La questione non è così semplice, poiché entra in gioco il vero punctum dolens del crimine cosiddetto di aggressione. Non serve improvvisarsi politologi, o studiosi di crisi internazionali, per capire che quella dello scorso febbraio rappresenta, con ogni probabilità (anche qui prudenza di giurista), l’invasione di uno Stato sovrano ad opera di un altro Stato sovrano.

A latere dei crimini tradizionali, sui quali la C.P.I. è chiamata a giudicare (ossia crimini di guerra, genocidio e crimini contro l’umanità), nel 2010, attraverso il cosiddetto “emendamento di Kampala” (capitale dell’Uganda per i non addetti ai lavori), di cui al noto art. 8 bis dell’omonimo Accordo, la giurisdizione della C.P.I. è stata estesa al crimine di aggressione.

In particolare, ivi si specifica che l’aggressione (“crime of aggression”) dev’essere perpetrata da qualcuno in grado di dirigere l’azione politica o militare di uno Stato e di esercitare efficacemente un controllo su quell’atto (“by a person in a position effectively to exercise control over or to direct the political or military action of a State”), requisito questo sulla cui sussistenza non paiono esservi dubbi nella fattispecie russo-ucraina.

Il meccanismo, idilliaco in apparenza, subisce però una inesorabile battuta d’arresto nelle previsioni dell’art. 15 bis degli Accordi di Kampala. In parole semplici, la norma in questione esige che aggredito e aggressore siano parti del Trattato di Roma (e che, naturalmente, abbiano firmato l’emendamento, salva la possibilità, prevista dalla clausola di “out-put”, di rifiutare la giurisdizione sul crimen in parola), in caso contrario la sua giurisdizione non potrà essere attivata (sic!). A questo punto, facciamo un passo indietro: ho poco sopra ricordato che Russia e Ucraina non figurano tra le “parti” del Trattato di Roma, ancorché proprio l’Ucraina, nel 2014, avvalendosi di quanto previsto dall’art. 12 comma 2 già echeggiato, abbia espressamente richiesto la giurisdizione della C.P.I.

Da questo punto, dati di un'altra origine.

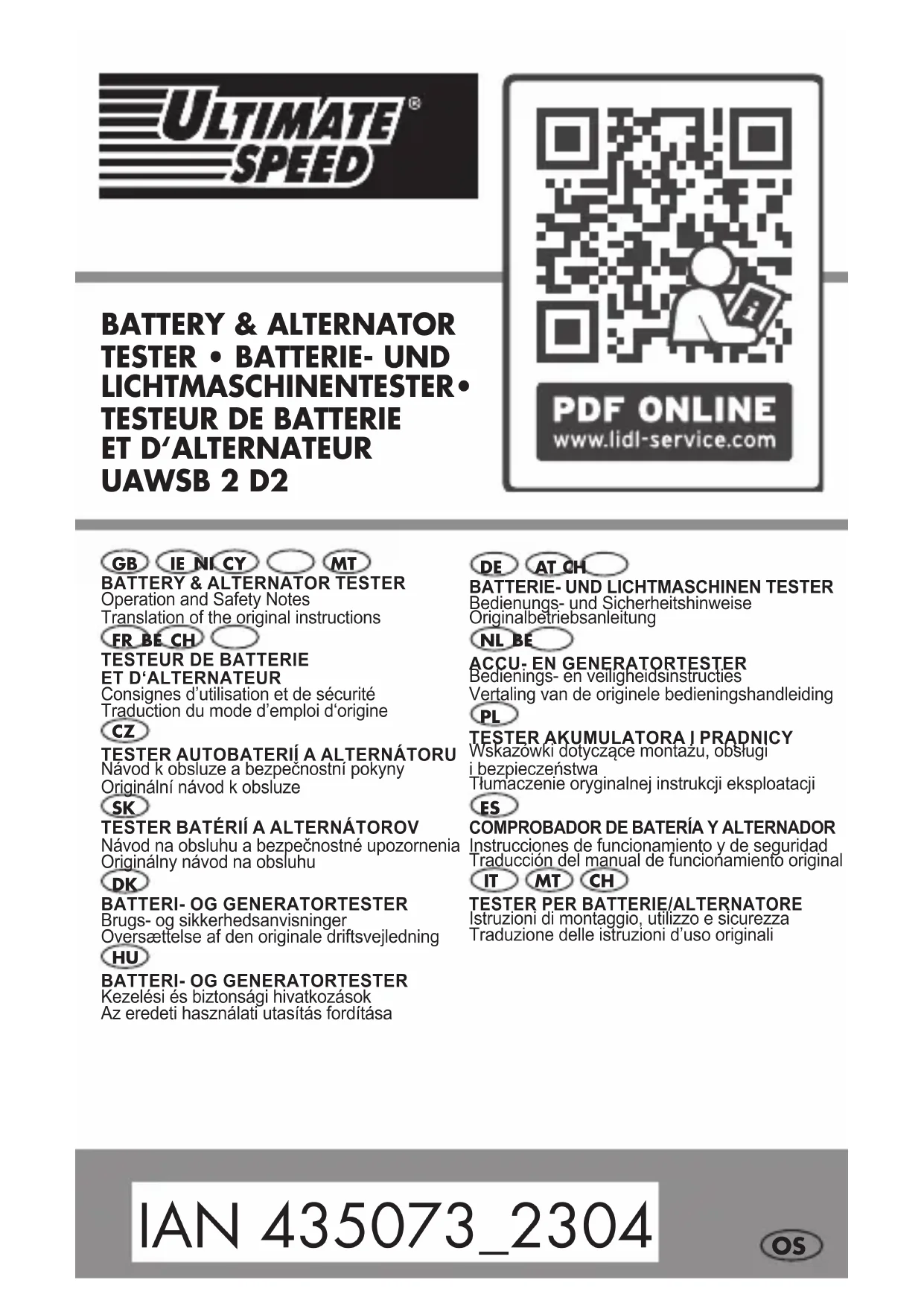 jusqu’à trois appareils usagés – dont aucun côté ne doit dépasser 25cm, indépendamment de l’achat d’un appareil neuf. Avant tout dépôt, veuillez supprimer toutes les données personnelles. Avant le dépôt, sortez les batteries ou les accumulateurs qui ne sont pas intégrés à l’appareil usagé ainsi que les ampoules que vous pouvez retirer sans les endommager et déposez-les dans un centre de collecte adapté. Les batteries contenant des produits nocifs sont caractérisées par les symboles ci-contre interdisant de les jeter avec les ordures ména- gères. Les désignations du métal lourd en question sont: Cd = cadmium, Hg = mercure, Pb = plomb. Déposez les batteries usagées dans un point de collecte de votre ville ou de votre municipalité ou rapportez-les chez votre commerçant. Vous vous conformez ainsi aux obligations légales et contribuez de manière essentielle à la protection de l’environnement. Respectez le marquage sur les différents emballages et triez-les si nécessaire. Les emballages sont identifiés par des abrévia- tions(a) et des chiffres(b) ayant la signification suivante: 1 – 7: plastiques, 20 – 22: papier et carton, 80 – 98: composites. z Déclaration de conformité UE Nous, la société50 FR/BE/CH C. M. C. GmbH Holding Responsable des documents : Dr. Christian Weyler Katharina-Loth-Str. 15 DE-66386 St. Ingbert Allemagne déclarons sous notre responsabilité exclusive que le produit Testeur de batterie et d'alternateur IAN: 435073_2304 Année de fabrication: 52/2023 Réf: 2615 Modèle: UAWSB2D2 satisfait aux exigences de protection essentielles indi- quées dans les directives européennes Directive UE compatibilité électromagnétique 2014/30/EU Directive RoHS 2011/65/EU+2015/863/EU et leurs modifications. La présente déclaration de conformité est établie sous la seule responsabilité du fabricant. L’objet de la déclaration décrit ci-dessus satisfait aux pres- criptions de la directive 2011 / 65 / EU du Parlement et du Conseil Européen datées du 8 juin 2011 et relatives àFR/BE/CH

Rimane però fuori la Russia, il cui leader, qualora, come appare probabile, venga accertato il crime of aggression (ricordo che vi è un’indagine in corso della C.P.I., su iniziativa del suo procuratore Karim Ahmad Khan), non potrà essere condotto alla sbarra relativamente alla fattispecie in parola.

Residuano gli altri crimini sui quali la C.P.I. ha giurisdizione, qualora l’indagine in corso ne accerti la sussistenza. Con buona pace, allora, del tanto acclamato crime of aggression, la cui perseguibilità non pare fattibile nemmeno pensando a tribunali costituiti ad hoc dalle Nazioni Unite (incespichiamo, questa volta, sul diritto di veto che la Russia vanta all’interno del Consiglio di Sicurezza dell’O.N.U.).

A riprova che il diritto internazionale è un grande cantiere aperto, di cui probabilmente noi viventi non vedremo la sua compiuta realizzazione (utopia?).

Last but not least, la Corte Penale Internazionale giudica individui, non Stati. Non tollera processi contumaciali, né in absentia.